Residents of the battle-scarred town of Misurata yesterday voted to elect their local council, in Libya’s first poll in more than 40 years and held four months after the killing of Muammar Gaddafi.

“This is a historic event. We hope these elections will be an example” for the rest of Libya, the president of the port city’s electoral commission, Mohammed Balrouin said, describing it as “a dress rehearsal for the upcoming vote” to be held nationwide in June to elect a constituent assembly.

Misurata residents were electing 28 council members from a field of 242 candidates. Some 101,486 people were registered to cast their ballots, from 156,000 eligible voters in a city with a population of 281,000, Mr Balrouin said.

By midday, he put the turnout at between 30 and 60 per cent.
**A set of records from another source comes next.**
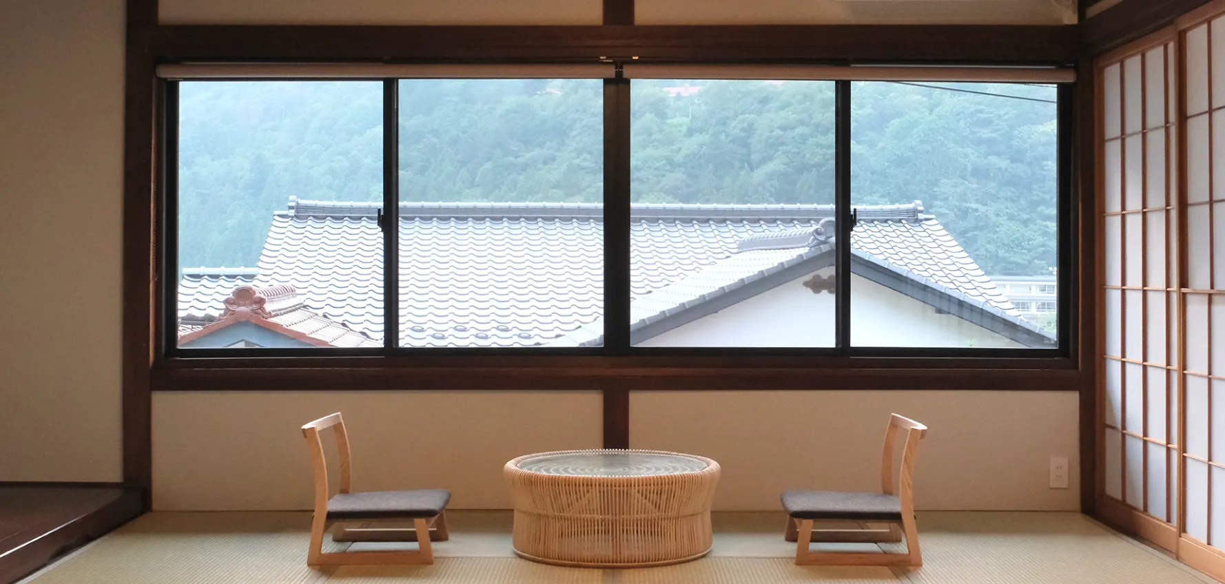 窓辺の座椅子から眺めるのは、木曽川がかたちづくる木曽谷の柔らかな稜線。静かな時間の中で、視線と共に心まで解きほぐれるような場所です。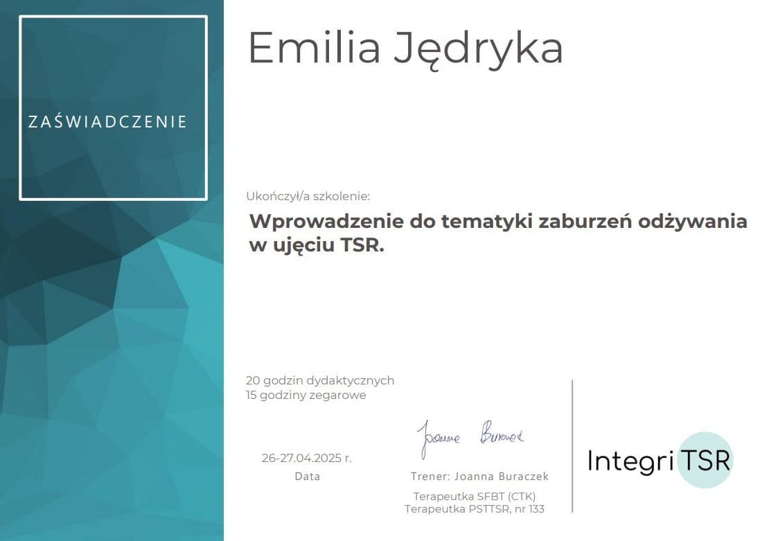 Dążę do stałego rozwoju, podążając ścieżką certyfikacji Terapeuty TSR oraz studiów podyplomowych z zakresu psychodietetyki.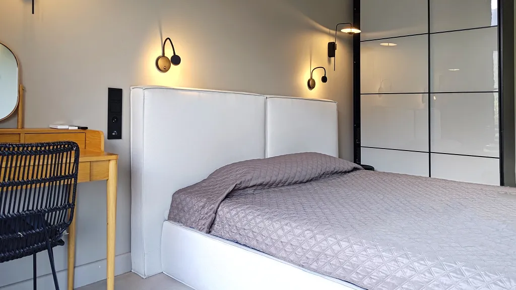 Спальня - двуспальная кровать 160*200, шкаф, туалетный столик, SMART TV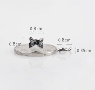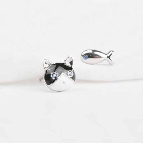 - Title : Sterling Silver Cute Cat and Fish Stud Earrings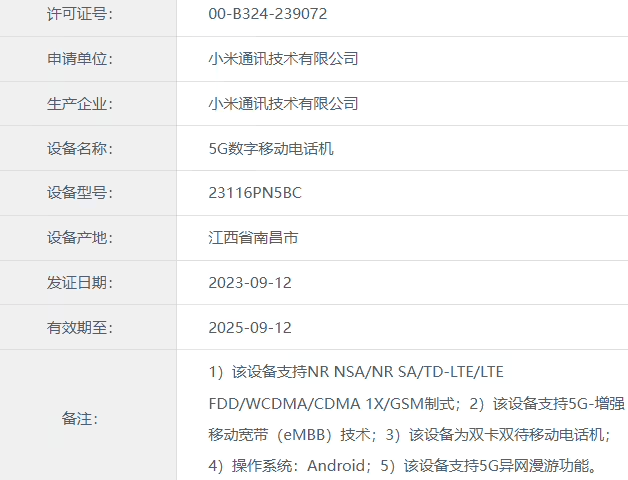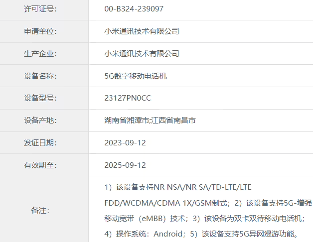 据工信部显示,日前有两款型号分别为 23127PN0CC、23116PN5BC 的小米新机,在工信部完成了入网。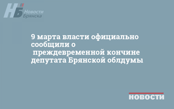 9 марта власти официально сообщили о "преждевременной кончине" депутата Брянской облдумы

“Our goal was to have a turnout of more than 30 per cent. I believe we’re almost there,” he said.

Mr Balrouin also said that the participation of women voters had “exceeded expectations.”
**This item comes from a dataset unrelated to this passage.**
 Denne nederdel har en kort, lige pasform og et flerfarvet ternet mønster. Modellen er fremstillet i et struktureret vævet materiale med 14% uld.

Yesterday had been declared a public holiday in Misurata, both for the election and to commemorate the date, exactly a year ago, when the city rose up against the regime of Gaddafi who had banned elections as an “invention of the West”.

The “city of martyrs” in Libya’s revolution was besieged for several months by Col Gaddafi’s forces and saw some of the fiercest fighting of the conflict.

“Today we are tasting freedom and democracy. Thank God, the blood of the martyrs was not spilt in vain,” said Fama al-Shawesh, a 19-year-old student, waving blue ink on a finger to show she had voted.